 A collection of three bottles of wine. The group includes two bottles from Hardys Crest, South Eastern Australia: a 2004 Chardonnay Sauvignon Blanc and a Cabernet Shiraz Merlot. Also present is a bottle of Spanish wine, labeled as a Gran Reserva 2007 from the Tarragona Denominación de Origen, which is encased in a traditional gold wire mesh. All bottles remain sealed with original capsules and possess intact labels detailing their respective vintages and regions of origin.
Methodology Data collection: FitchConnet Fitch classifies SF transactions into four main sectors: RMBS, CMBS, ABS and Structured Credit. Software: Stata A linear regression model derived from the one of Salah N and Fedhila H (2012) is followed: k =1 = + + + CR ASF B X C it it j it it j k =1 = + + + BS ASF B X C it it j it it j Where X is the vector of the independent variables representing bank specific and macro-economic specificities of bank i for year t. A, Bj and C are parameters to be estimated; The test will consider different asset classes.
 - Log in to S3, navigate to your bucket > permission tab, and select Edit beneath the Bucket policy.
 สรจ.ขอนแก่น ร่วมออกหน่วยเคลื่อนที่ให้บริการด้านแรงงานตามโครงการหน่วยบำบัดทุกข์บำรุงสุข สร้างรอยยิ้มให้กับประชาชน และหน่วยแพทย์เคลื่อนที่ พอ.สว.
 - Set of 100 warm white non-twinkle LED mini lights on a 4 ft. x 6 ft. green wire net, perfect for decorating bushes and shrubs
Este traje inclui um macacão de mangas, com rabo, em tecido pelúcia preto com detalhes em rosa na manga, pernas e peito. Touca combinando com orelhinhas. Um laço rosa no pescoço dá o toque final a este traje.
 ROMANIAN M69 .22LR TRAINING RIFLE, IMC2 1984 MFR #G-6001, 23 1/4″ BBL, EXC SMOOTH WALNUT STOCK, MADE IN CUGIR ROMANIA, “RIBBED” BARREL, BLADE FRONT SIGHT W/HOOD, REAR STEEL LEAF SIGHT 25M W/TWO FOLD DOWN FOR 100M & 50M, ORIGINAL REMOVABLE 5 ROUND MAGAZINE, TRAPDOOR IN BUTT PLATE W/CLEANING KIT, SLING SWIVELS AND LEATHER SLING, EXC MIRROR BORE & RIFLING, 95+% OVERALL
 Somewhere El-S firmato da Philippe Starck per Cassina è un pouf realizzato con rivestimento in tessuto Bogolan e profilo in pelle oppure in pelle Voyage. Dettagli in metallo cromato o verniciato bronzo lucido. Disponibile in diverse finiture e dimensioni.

• [What you should do] A word-for-word restatement of the lines running from the one with "Este traje inclui" to the last line of the records is the whole answer.

• [Reply]
Este traje inclui um macacão de mangas, com rabo, em tecido pelúcia preto com detalhes em rosa na manga, pernas e peito. Touca combinando com orelhinhas. Um laço rosa no pescoço dá o toque final a este traje.
 ROMANIAN M69 .22LR TRAINING RIFLE, IMC2 1984 MFR #G-6001, 23 1/4″ BBL, EXC SMOOTH WALNUT STOCK, MADE IN CUGIR ROMANIA, “RIBBED” BARREL, BLADE FRONT SIGHT W/HOOD, REAR STEEL LEAF SIGHT 25M W/TWO FOLD DOWN FOR 100M & 50M, ORIGINAL REMOVABLE 5 ROUND MAGAZINE, TRAPDOOR IN BUTT PLATE W/CLEANING KIT, SLING SWIVELS AND LEATHER SLING, EXC MIRROR BORE & RIFLING, 95+% OVERALL
 Somewhere El-S firmato da Philippe Starck per Cassina è un pouf realizzato con rivestimento in tessuto Bogolan e profilo in pelle oppure in pelle Voyage. Dettagli in metallo cromato o verniciato bronzo lucido. Disponibile in diverse finiture e dimensioni.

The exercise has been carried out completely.